> [To do] Working from the top of the listing below, retype each line through the line containing "Forged Vertical Bars", both included, with no pictures.
*** Opening Data excerpt ***
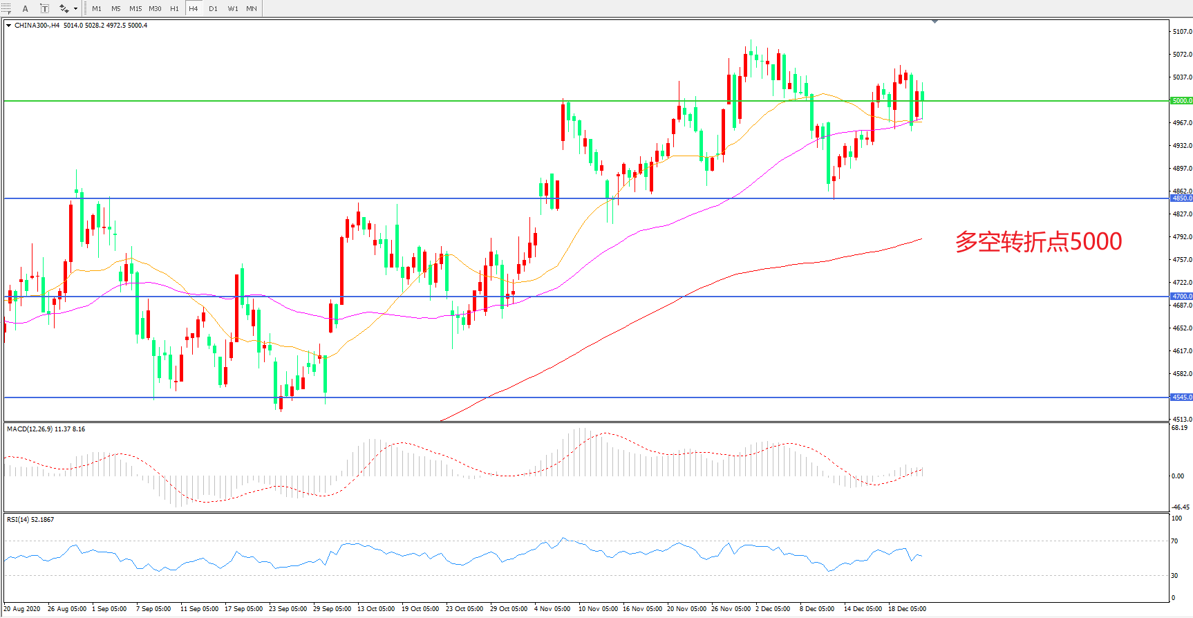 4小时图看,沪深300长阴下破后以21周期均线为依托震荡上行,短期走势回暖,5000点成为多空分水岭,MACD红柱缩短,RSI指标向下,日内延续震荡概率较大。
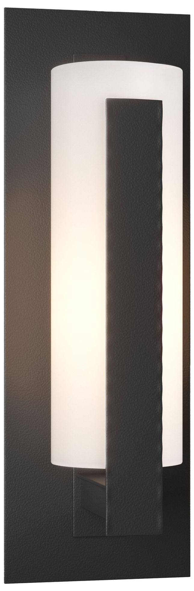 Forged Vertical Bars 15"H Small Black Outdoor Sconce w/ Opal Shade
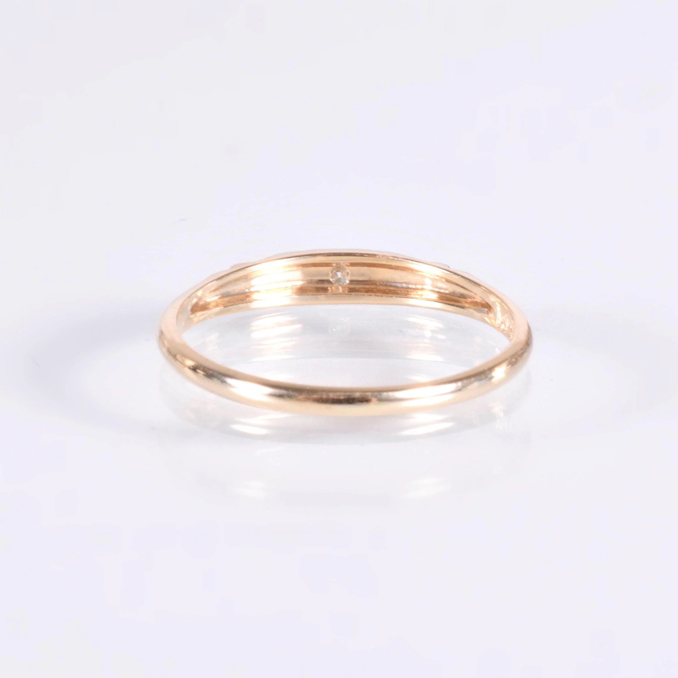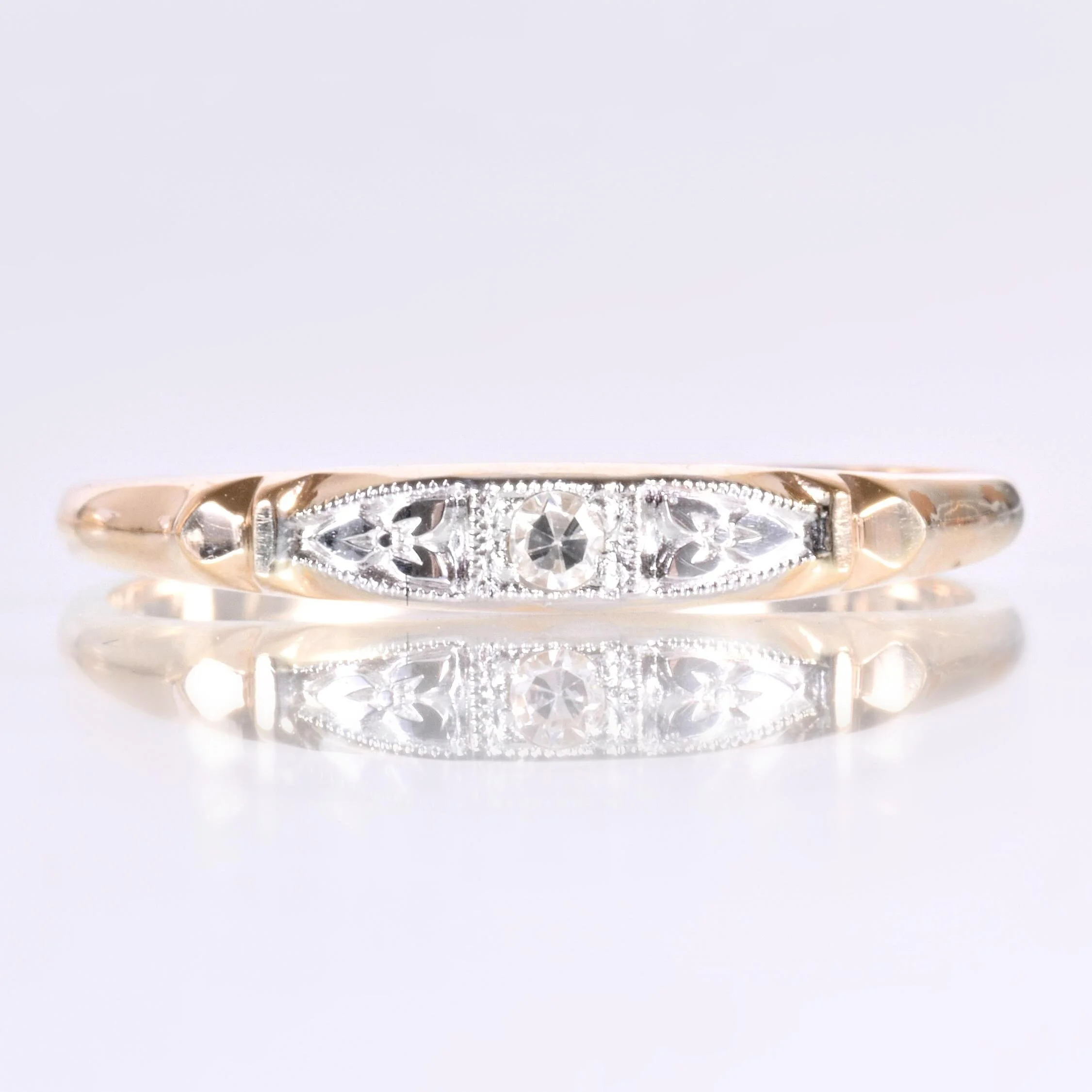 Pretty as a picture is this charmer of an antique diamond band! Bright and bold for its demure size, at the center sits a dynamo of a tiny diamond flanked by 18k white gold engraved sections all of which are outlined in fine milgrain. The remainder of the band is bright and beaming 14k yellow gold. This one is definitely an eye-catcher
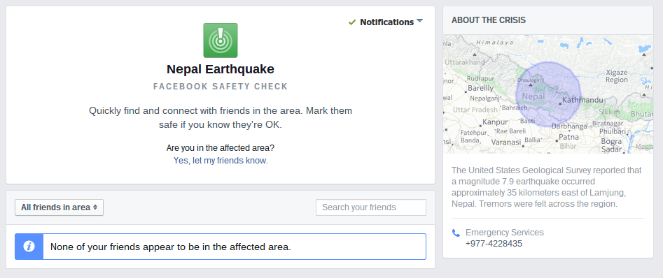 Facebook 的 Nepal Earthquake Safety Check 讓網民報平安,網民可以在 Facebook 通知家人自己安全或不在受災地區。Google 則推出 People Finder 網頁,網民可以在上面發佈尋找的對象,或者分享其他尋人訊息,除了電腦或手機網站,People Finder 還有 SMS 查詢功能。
*** Closing Data excerpt ***
> [Written response]
 4小时图看,沪深300长阴下破后以21周期均线为依托震荡上行,短期走势回暖,5000点成为多空分水岭,MACD红柱缩短,RSI指标向下,日内延续震荡概率较大。
 Forged Vertical Bars 15"H Small Black Outdoor Sconce w/ Opal Shade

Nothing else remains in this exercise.